[Provided material Boundary: Start]

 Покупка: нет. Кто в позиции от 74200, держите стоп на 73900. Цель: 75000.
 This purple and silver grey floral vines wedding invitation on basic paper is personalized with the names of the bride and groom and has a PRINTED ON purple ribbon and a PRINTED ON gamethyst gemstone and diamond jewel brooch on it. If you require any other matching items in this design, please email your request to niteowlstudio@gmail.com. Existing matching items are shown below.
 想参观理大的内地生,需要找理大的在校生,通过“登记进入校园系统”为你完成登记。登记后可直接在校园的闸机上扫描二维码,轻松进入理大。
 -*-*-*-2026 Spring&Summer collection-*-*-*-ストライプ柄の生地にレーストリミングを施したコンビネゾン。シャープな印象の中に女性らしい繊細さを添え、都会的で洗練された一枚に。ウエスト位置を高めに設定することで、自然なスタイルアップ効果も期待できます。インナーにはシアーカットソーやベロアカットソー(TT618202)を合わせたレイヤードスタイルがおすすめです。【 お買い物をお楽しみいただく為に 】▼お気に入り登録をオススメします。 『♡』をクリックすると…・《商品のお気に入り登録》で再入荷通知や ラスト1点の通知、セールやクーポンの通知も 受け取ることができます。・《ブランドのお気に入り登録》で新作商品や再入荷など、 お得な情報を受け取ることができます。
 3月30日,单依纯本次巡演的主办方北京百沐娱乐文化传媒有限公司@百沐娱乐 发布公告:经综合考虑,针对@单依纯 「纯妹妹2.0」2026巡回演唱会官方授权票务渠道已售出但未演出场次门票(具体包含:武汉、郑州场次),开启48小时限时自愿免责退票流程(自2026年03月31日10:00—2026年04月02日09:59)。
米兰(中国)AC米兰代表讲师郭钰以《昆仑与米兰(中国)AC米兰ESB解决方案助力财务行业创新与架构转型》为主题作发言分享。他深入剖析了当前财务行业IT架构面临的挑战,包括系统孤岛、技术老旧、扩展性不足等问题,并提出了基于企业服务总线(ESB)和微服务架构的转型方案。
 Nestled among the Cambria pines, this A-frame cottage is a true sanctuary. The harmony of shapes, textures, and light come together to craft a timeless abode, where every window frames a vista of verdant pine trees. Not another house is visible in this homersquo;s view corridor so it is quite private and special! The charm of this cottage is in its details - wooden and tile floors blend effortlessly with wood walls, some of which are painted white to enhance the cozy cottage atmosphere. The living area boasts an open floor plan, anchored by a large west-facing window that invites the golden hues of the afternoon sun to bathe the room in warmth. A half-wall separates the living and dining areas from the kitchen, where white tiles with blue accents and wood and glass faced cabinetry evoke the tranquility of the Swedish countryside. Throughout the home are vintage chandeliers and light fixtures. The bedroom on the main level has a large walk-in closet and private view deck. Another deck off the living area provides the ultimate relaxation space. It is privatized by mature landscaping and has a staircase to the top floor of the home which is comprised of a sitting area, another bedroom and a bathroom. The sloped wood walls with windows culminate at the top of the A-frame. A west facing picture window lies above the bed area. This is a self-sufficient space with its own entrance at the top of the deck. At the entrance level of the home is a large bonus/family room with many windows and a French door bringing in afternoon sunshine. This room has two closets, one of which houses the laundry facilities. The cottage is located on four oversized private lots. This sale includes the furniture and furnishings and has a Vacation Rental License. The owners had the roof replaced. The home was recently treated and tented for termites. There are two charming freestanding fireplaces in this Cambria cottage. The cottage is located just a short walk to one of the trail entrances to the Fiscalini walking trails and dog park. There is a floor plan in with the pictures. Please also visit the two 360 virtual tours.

[Provided material Boundary: End]

Assigned task ->
All of the entries need to be given again, word for word.

Result of this task ->
 Покупка: нет. Кто в позиции от 74200, держите стоп на 73900. Цель: 75000.
 This purple and silver grey floral vines wedding invitation on basic paper is personalized with the names of the bride and groom and has a PRINTED ON purple ribbon and a PRINTED ON gamethyst gemstone and diamond jewel brooch on it. If you require any other matching items in this design, please email your request to niteowlstudio@gmail.com. Existing matching items are shown below.
 想参观理大的内地生,需要找理大的在校生,通过“登记进入校园系统”为你完成登记。登记后可直接在校园的闸机上扫描二维码,轻松进入理大。
 -*-*-*-2026 Spring&Summer collection-*-*-*-ストライプ柄の生地にレーストリミングを施したコンビネゾン。シャープな印象の中に女性らしい繊細さを添え、都会的で洗練された一枚に。ウエスト位置を高めに設定することで、自然なスタイルアップ効果も期待できます。インナーにはシアーカットソーやベロアカットソー(TT618202)を合わせたレイヤードスタイルがおすすめです。【 お買い物をお楽しみいただく為に 】▼お気に入り登録をオススメします。 『♡』をクリックすると…・《商品のお気に入り登録》で再入荷通知や ラスト1点の通知、セールやクーポンの通知も 受け取ることができます。・《ブランドのお気に入り登録》で新作商品や再入荷など、 お得な情報を受け取ることができます。
 3月30日,单依纯本次巡演的主办方北京百沐娱乐文化传媒有限公司@百沐娱乐 发布公告:经综合考虑,针对@单依纯 「纯妹妹2.0」2026巡回演唱会官方授权票务渠道已售出但未演出场次门票(具体包含:武汉、郑州场次),开启48小时限时自愿免责退票流程(自2026年03月31日10:00—2026年04月02日09:59)。
米兰(中国)AC米兰代表讲师郭钰以《昆仑与米兰(中国)AC米兰ESB解决方案助力财务行业创新与架构转型》为主题作发言分享。他深入剖析了当前财务行业IT架构面临的挑战,包括系统孤岛、技术老旧、扩展性不足等问题,并提出了基于企业服务总线(ESB)和微服务架构的转型方案。
 Nestled among the Cambria pines, this A-frame cottage is a true sanctuary. The harmony of shapes, textures, and light come together to craft a timeless abode, where every window frames a vista of verdant pine trees. Not another house is visible in this homersquo;s view corridor so it is quite private and special! The charm of this cottage is in its details - wooden and tile floors blend effortlessly with wood walls, some of which are painted white to enhance the cozy cottage atmosphere. The living area boasts an open floor plan, anchored by a large west-facing window that invites the golden hues of the afternoon sun to bathe the room in warmth. A half-wall separates the living and dining areas from the kitchen, where white tiles with blue accents and wood and glass faced cabinetry evoke the tranquility of the Swedish countryside. Throughout the home are vintage chandeliers and light fixtures. The bedroom on the main level has a large walk-in closet and private view deck. Another deck off the living area provides the ultimate relaxation space. It is privatized by mature landscaping and has a staircase to the top floor of the home which is comprised of a sitting area, another bedroom and a bathroom. The sloped wood walls with windows culminate at the top of the A-frame. A west facing picture window lies above the bed area. This is a self-sufficient space with its own entrance at the top of the deck. At the entrance level of the home is a large bonus/family room with many windows and a French door bringing in afternoon sunshine. This room has two closets, one of which houses the laundry facilities. The cottage is located on four oversized private lots. This sale includes the furniture and furnishings and has a Vacation Rental License. The owners had the roof replaced. The home was recently treated and tented for termites. There are two charming freestanding fireplaces in this Cambria cottage. The cottage is located just a short walk to one of the trail entrances to the Fiscalini walking trails and dog park. There is a floor plan in with the pictures. Please also visit the two 360 virtual tours.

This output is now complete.